ТЕТЯ ГАНКА

Сашину маму все звали Ганка.

Тетя Лиза написала мне, как ее убили. Она пошла за хлебом. Когда налетели «юнкерсы», люди стояли вдоль каменной стены Греческого переулка. Продавщица ушла в убежище, но люди остались до отбоя на улице — слишком долго они ждали, пока привезут хлеб. Никто не хотел терять очереди.

Немецкий летчик дважды прошел на бреющем. Люди прижались к забору. Тень от него едва прикрывала их. В третий заход летчик нажал на гашетку…

Когда продавщица открыла зеленый ставень, люди лежали строго по порядку. Тетя Ганка лежала первой, протянув руку к окошку. На бледной ладони четко было написано чернильным послюнявленным карандашом «8». Первые, вероятно, не были на перекличке, и тетя Ганка радовалась, что ей достанутся и круглые булочки из желтой кукурузной муки, не только черный хлеб.

Тетя Лиза писала о себе, что ее спас случай — она вернулась с полдороги, вспомнила, что не погасила примус.

В этот же день, часов в пять, разбомбили и наш дом.

К вечеру он догорел.

Вещи, оставшиеся после огня, перенесли в сарай. Тете помогали Костя и Зина.

У обгоревшей акации Костя нашел маленький кинжал в серебряной оправе…

Следующая страница была написана на листке из большой бухгалтерской книги.


10 октября (ночь).

Мы с Тобиком перешли к тете Бориса. У меня еще несколько суток свободных. Наш катер чинят. Пробоина большая. Дней на пять. Тетя Лиза все плачет, рассказывает мне, как бомбой разнесло дом Сторчинских. Боря ничего еще не знает.
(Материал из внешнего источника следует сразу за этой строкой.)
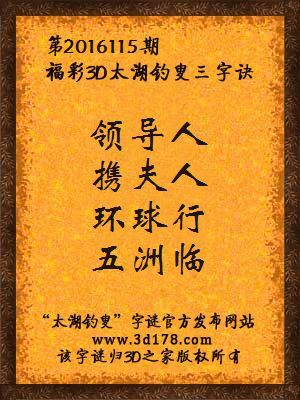 福彩第2016115期3d太湖字谜:领导人,携夫人,环球行,五洲临
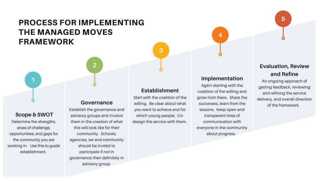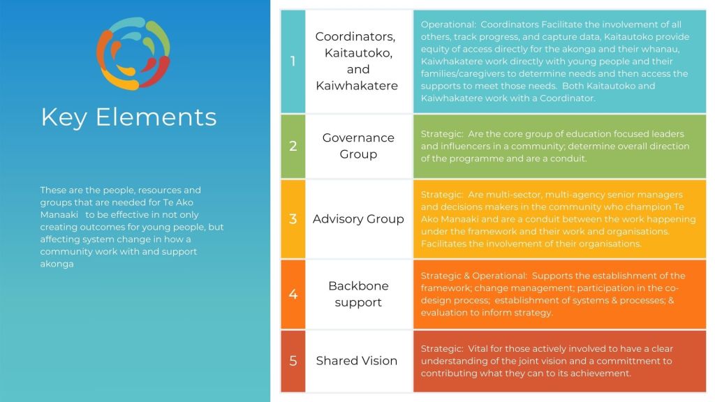 The Te Ako Manaaki Framework has 5 core elements, which use 5 core principles to create a collaborate practice that improves outcomes for young people. Below is a visual summary of these, along with a high level five step process for establishing the framework.
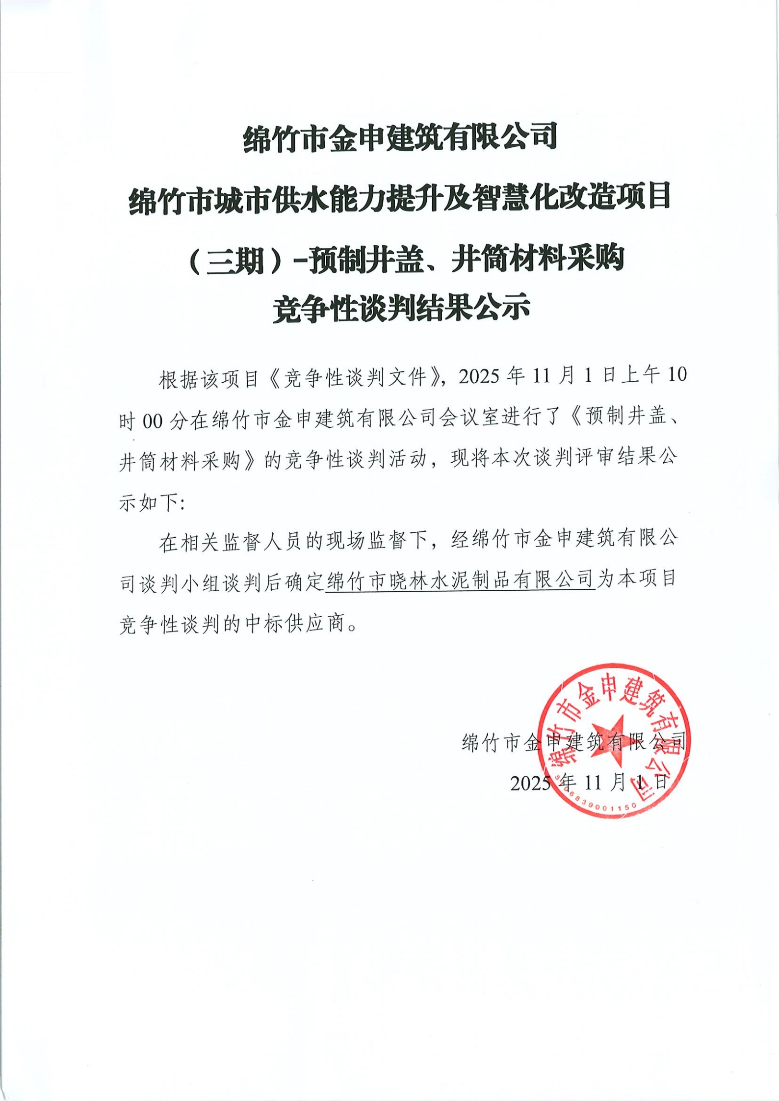 關(guān)于綿竹市城市供水三期預(yù)制井蓋井筒材料采購競爭性談判結(jié)果公示
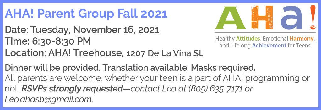 Si su hijo adolescente ya forma parte de AHA! o si tiene curiosidad acerca de programas AHA! para su hijo … ¡esta es una oportunidad de experimentar la magia de un grupo AHA! para usted mismo!
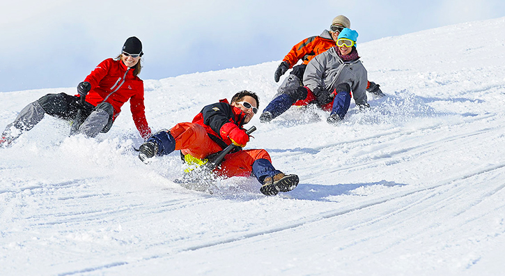 To get started, the technique is simple: sit on the seat and place your legs around the handle. Keep your feet on the snow to control your speed. For your first time, it’s best not to use the handle—keep your arms relaxed by your sides.
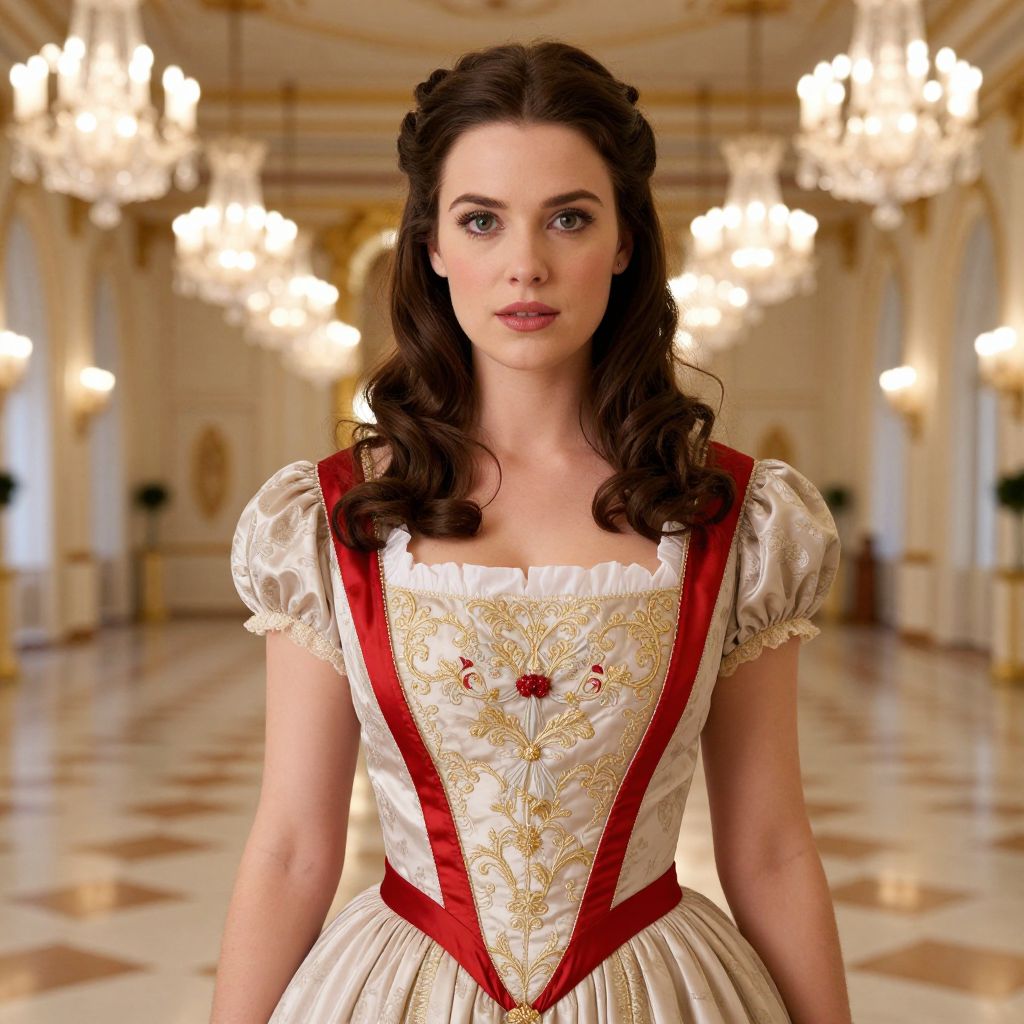 Photograph of a young woman with fair skin and dark, wavy hair styled in soft curls, standing in an opulent, grand hall with a checkered floor and chandeliers. She wears a white, puffed-sleeve dress with gold floral embroidery and red trim, reminiscent of a Cinderella-style gown. Her expression is neutral, with slightly parted lips and large, dark eyes. The background is blurred, highlighting the luxurious setting. The image has a soft, warm lighting that enhances the elegance of the scene.
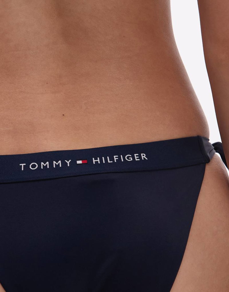 Logo Waistband Tie Side Bikini Bottoms In Dark Navy
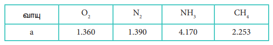 12) வாயுக்களின் வாண்டர் வால்ஸ் மாறிலி aயின் மதிப்பு (dm3)2 atm. mol-2- ல் கீழ்க்கண்டுள்ள அட்டவணையில் கொடுக்கப்பட்டுள்ளது
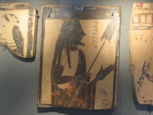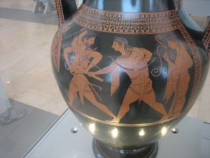 Malheureusement, la photo ne fait pas justice à l’oeuvre. Les détails sur cette amphore étaient écoeurants. Ici, on voit Apollon qui essaie de reprendre un tripode que Hercule (Héraclès) a volé à Artemis, la soeur d’Apollon (à droite). On reconnaît Hercule par la peau de lion qu’il porte presque toujours. Ah, et le tripode, on s’en servait pour y attacher les chevaux. Malheureusement, je ne me souviens plus qui est à l’extrême gauche (et qu’on voit à peine).
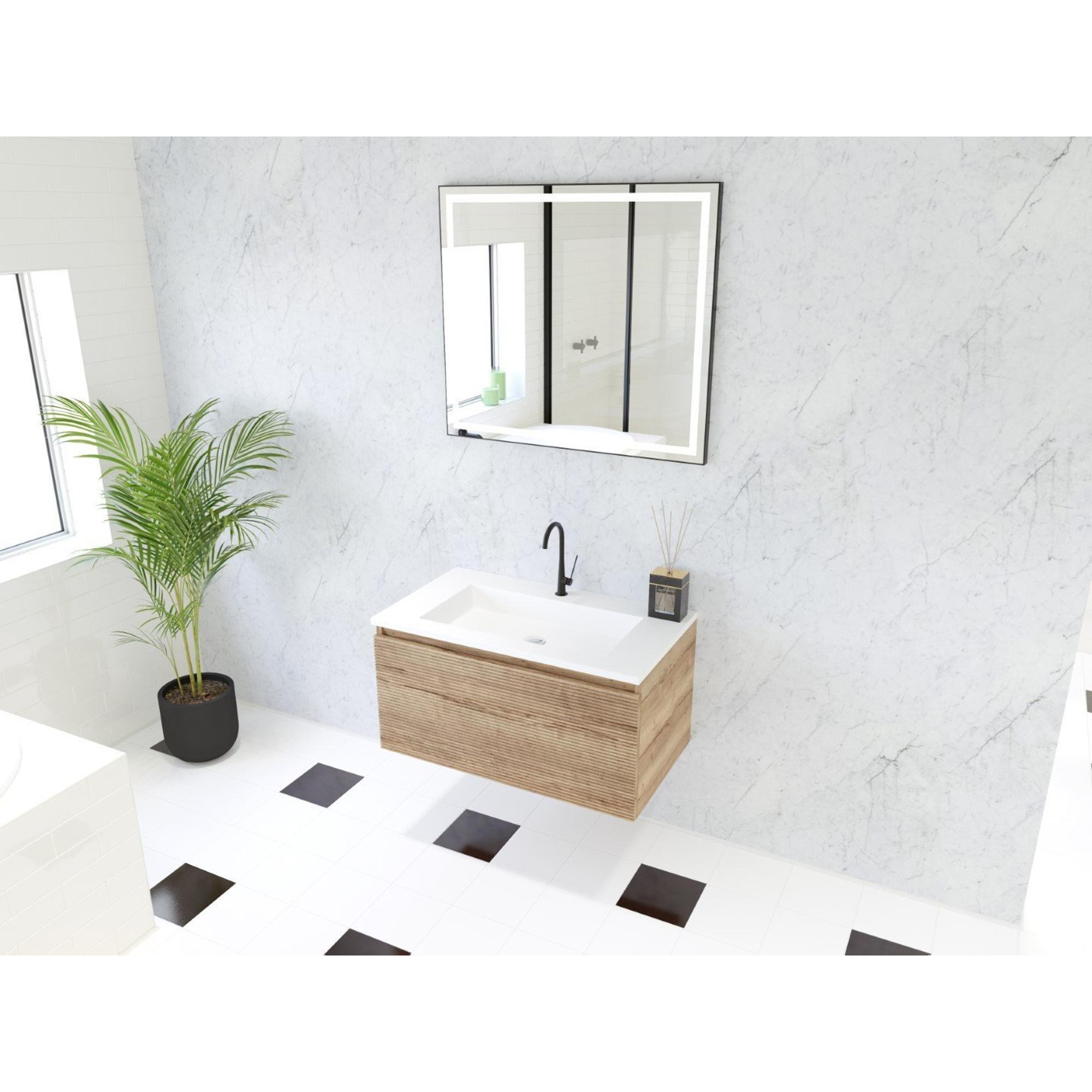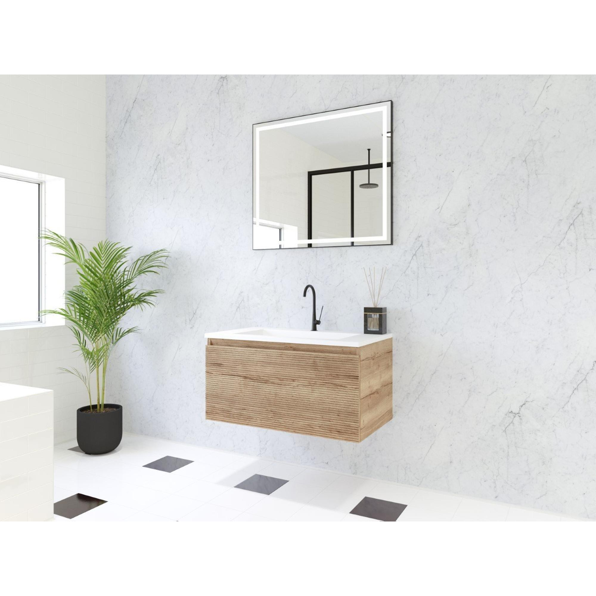 HR badmeubelen Matrix 3D badkamermeubelset 80cm 1 lade greeploos met greeplijst in kleur French oak met wasbak thin 1 kraangat wit mat
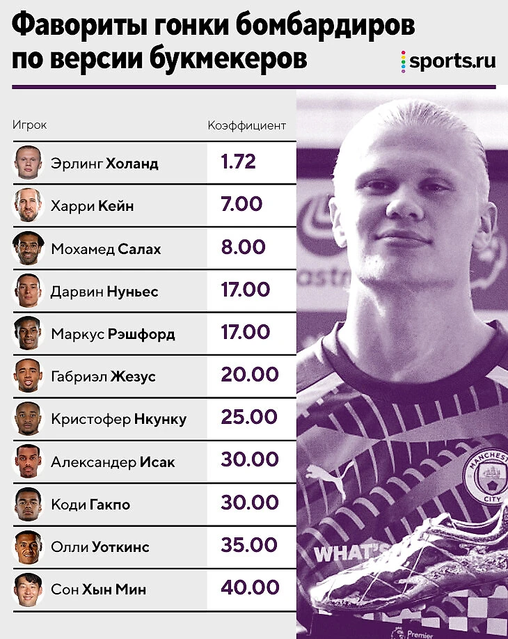 • А кто станет лучшим бомбардиром? Конечно же, фаворит – Эрлинг Холланд, коэффициент на него – 1.72. Все остальные заметно дальше – за 7.00 предлагается Харри Кейн (который пока не уехал в «Баварию»), за 8.00 – Мохамед Салах. Есть и еще несколько претендентов – Дарвин Нуньес или Маркус Рэшфорд (за 17.00), Габриэл Жезус (за 20.00) или даже Кристофер Нкунку (25.00).
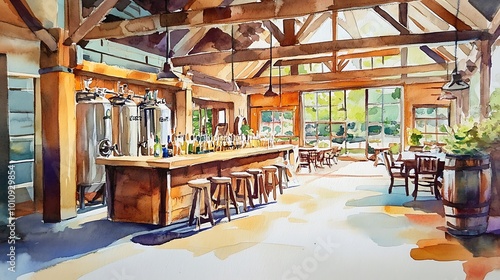 Watercolor Illustration of a Bar Interior.
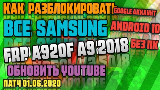 FRP | Все Samsung | A9 2018 | Сброс аккаунта Google Android 10 | U3 | июнь 2020 | Обновить YouTube
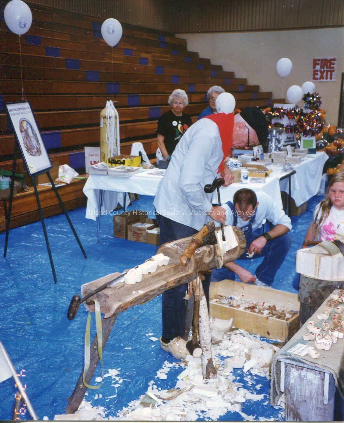 Photo of men, women and a girl in an auditorium or gym. One man in a white jacket, dark flat cap, red kerchief and wooden shoes is carving wooden shoes. The table in back is selling heliu balloons (helium container). (Date on photo is 4 25 '92).
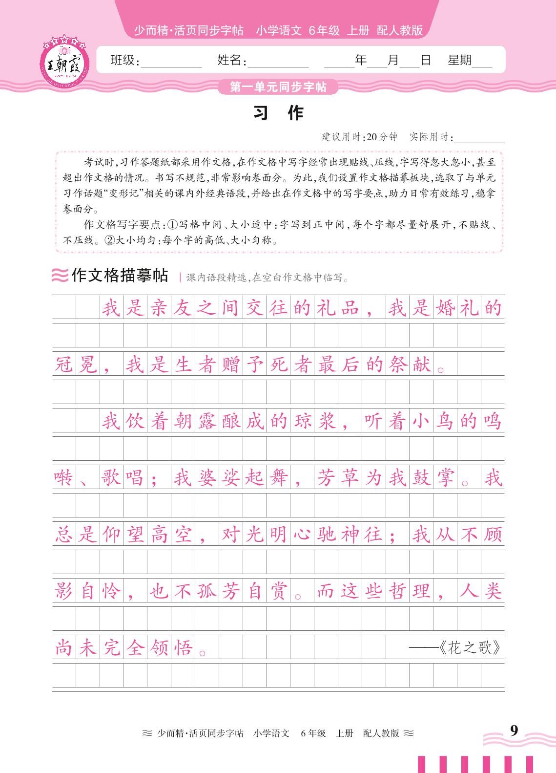 2024秋上册六年级语文人教版 第一单元同步字帖——习作
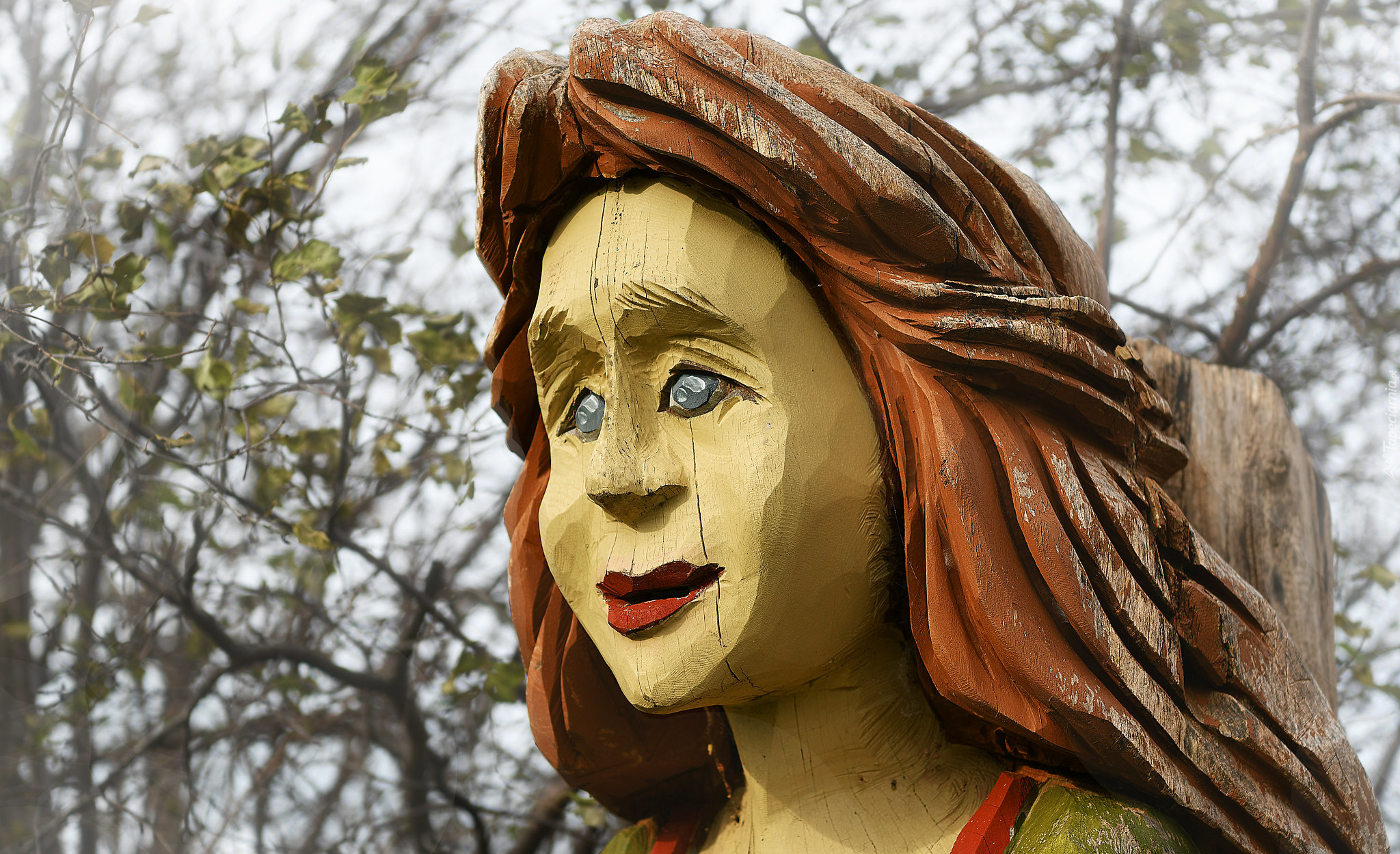 Edytor tapety: Drewniana rzeźba twarzy kobiety
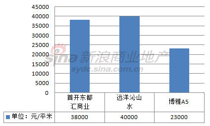据新浪商业地产数据监控室统计,12月预计入市项目均价为33667元/平米,较11月入市项目均价相比每平米下降1333元。具体来看,售价最高的为远洋沁山水底商,目前报价为40000元/平米。博瑞5A为12月入市售价最低项目,目前该项目售价为22200-23400元/平米。
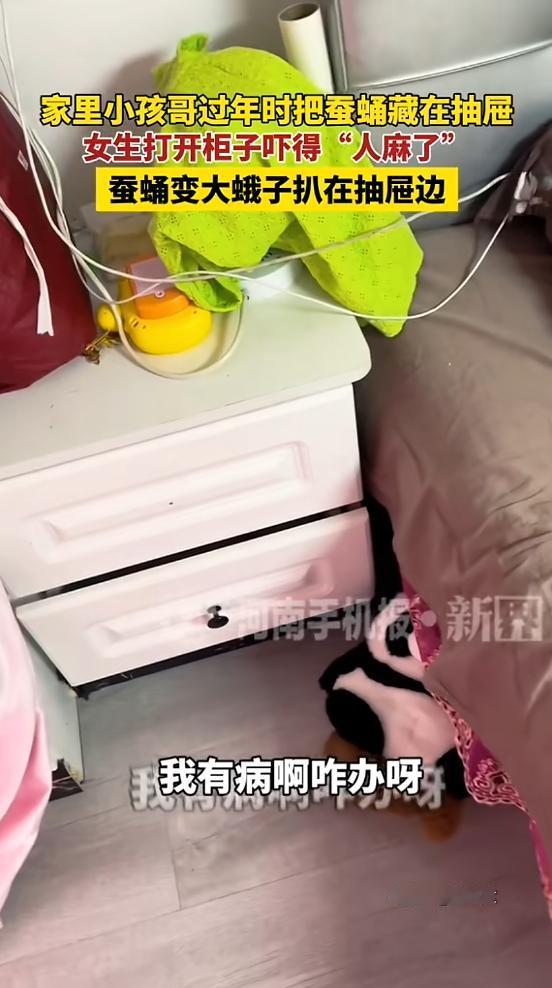 (信息来源:《家里小孩哥过年时把蚕蛹藏在抽屉,女生打开柜子吓得"人麻了,蚕蛹变大蛾子扒在抽屉边。》新界视频)
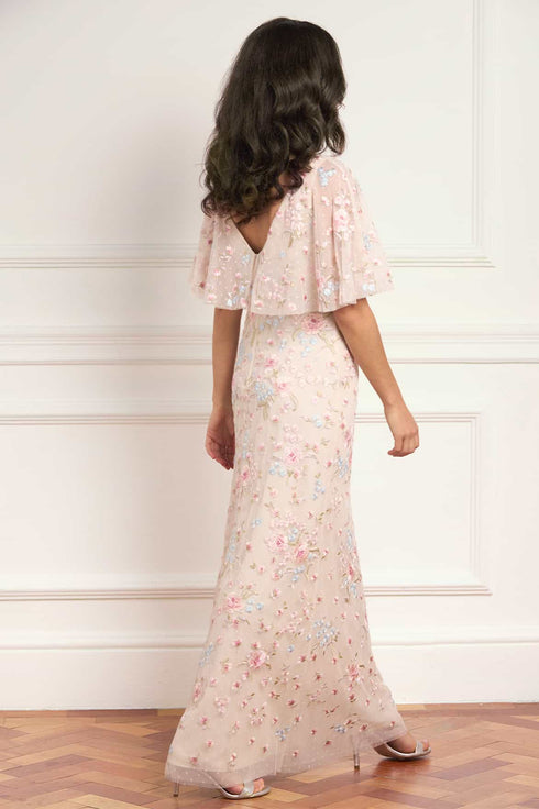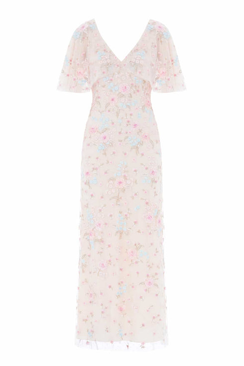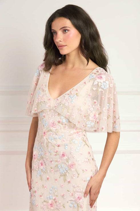 NEW SEASON. The Peony Bouquet V-Neck Cape Gown in Cream/Multi. This elegant gown features exquisite floral embroidery inspired by archival garden paintings. Designed with an integrated cape and a slim silhouette, it is complemented by a bias-cut lining for a smooth, body-skimming fit and effortless wear.

Я не пошел смотреть развалины. Утром — опять налет. Тобик стал выть до сирены — ученый пес, он научился различать немецкие самолеты от наших. Перед налетом он волнуется и тащит меня в убежище за штаны, сердится, если я сопротивляюсь. Надо найти Бориса. Он не отвечает на письма. Лена в Куйбышеве.

Я слушал рассказ тети Лизы о детстве Бориса. И понемногу стали прорисовываться картины и звуки и запахи моего детства. Странно. Я впервые вспомнил то, что никогда не вспоминал, что будто само жило во мне, но я страшусь лжи моей памяти: а что, если этого не было, если картины эти навеяны чужими воспоминаниями и запали в душу вечерами, когда мама перед сном любила рассказывать мне вместо сказок живые истории своей юности, своего детства? Но воспоминания окружили меня, я почувствовал непонятное волнение, предвкушение чего-то… Я знаю, что в таких случаях образы действуют так же, как (по рассказам) действует опиум. Бороться с этим безнадежно.

Я выпил стакан козьего молока и, пожелав тете Лизе приятных сновидений, пошел в сарай, доверху набитый душистым сеном. Закутавшись в украинское рядно, долго слушал, как кричит сонный петух. Светлел от луны двор, белый, словно его присыпали мукой. Затрещали цикады в саду. Постепенно все более дурманяще пахла трава, еще не ставшая сеном, но уже не живая.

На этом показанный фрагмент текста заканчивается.